### Data
┏━━

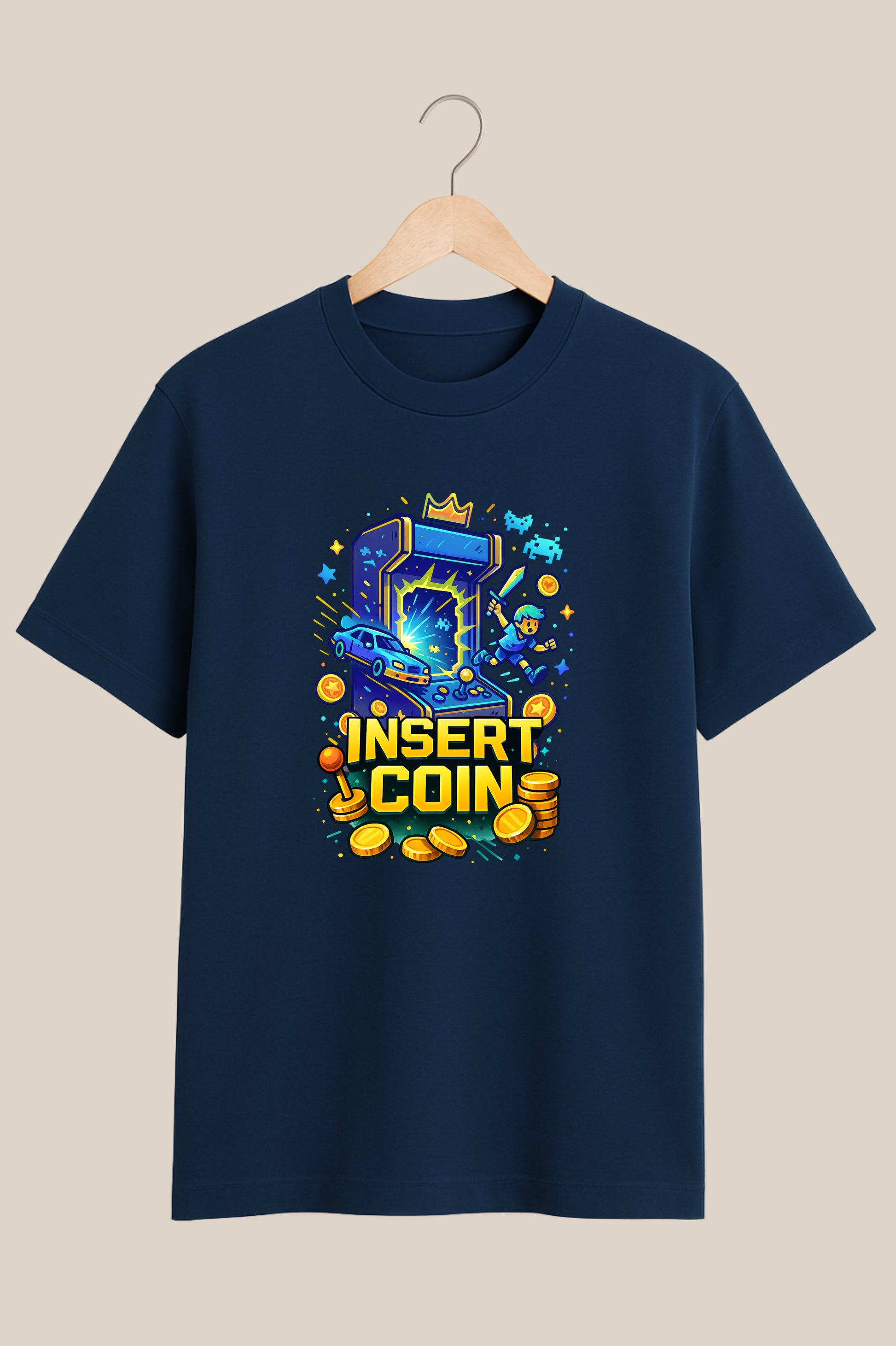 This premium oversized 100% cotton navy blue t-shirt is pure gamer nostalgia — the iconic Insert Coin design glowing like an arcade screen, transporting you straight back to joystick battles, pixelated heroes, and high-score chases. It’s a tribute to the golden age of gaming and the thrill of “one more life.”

┗━━
┏━━

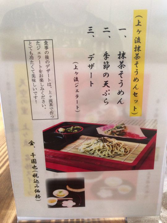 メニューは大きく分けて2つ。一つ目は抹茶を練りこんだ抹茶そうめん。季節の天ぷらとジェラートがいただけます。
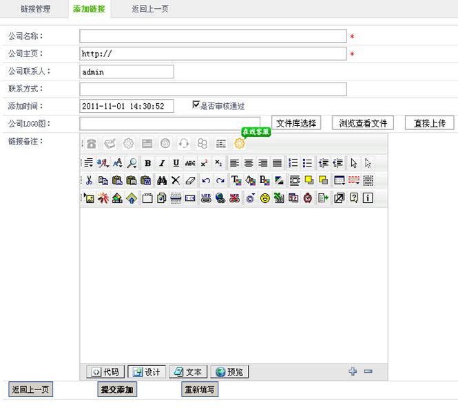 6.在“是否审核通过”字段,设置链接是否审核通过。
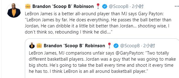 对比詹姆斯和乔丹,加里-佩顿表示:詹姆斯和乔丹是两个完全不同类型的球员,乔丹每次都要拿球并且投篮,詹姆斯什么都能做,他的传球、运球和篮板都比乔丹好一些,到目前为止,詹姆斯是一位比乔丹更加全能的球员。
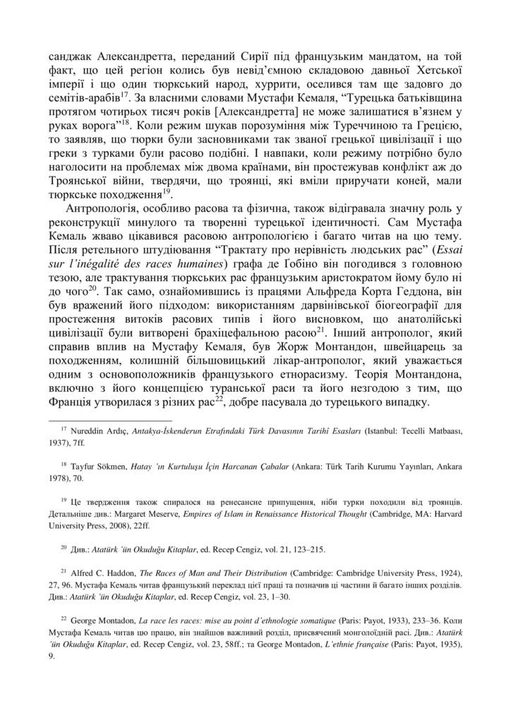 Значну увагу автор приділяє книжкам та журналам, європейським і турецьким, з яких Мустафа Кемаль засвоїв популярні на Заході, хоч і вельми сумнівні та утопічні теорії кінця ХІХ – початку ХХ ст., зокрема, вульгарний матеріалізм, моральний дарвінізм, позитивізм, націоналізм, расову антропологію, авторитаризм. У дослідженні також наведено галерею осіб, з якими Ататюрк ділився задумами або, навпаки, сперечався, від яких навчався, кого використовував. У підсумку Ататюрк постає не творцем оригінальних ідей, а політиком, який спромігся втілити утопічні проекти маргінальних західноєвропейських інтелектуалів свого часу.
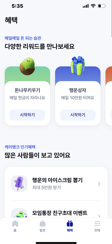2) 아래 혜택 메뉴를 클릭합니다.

┗━━

### What you should do
Above, find the line with "Значну увагу автор"; copy it and every line down to the line with "2) 아래 혜택 메뉴를 클릭합니다.", exactly and both included, but no pictures.

### Written answer
 Значну увагу автор приділяє книжкам та журналам, європейським і турецьким, з яких Мустафа Кемаль засвоїв популярні на Заході, хоч і вельми сумнівні та утопічні теорії кінця ХІХ – початку ХХ ст., зокрема, вульгарний матеріалізм, моральний дарвінізм, позитивізм, націоналізм, расову антропологію, авторитаризм. У дослідженні також наведено галерею осіб, з якими Ататюрк ділився задумами або, навпаки, сперечався, від яких навчався, кого використовував. У підсумку Ататюрк постає не творцем оригінальних ідей, а політиком, який спромігся втілити утопічні проекти маргінальних західноєвропейських інтелектуалів свого часу.
2) 아래 혜택 메뉴를 클릭합니다.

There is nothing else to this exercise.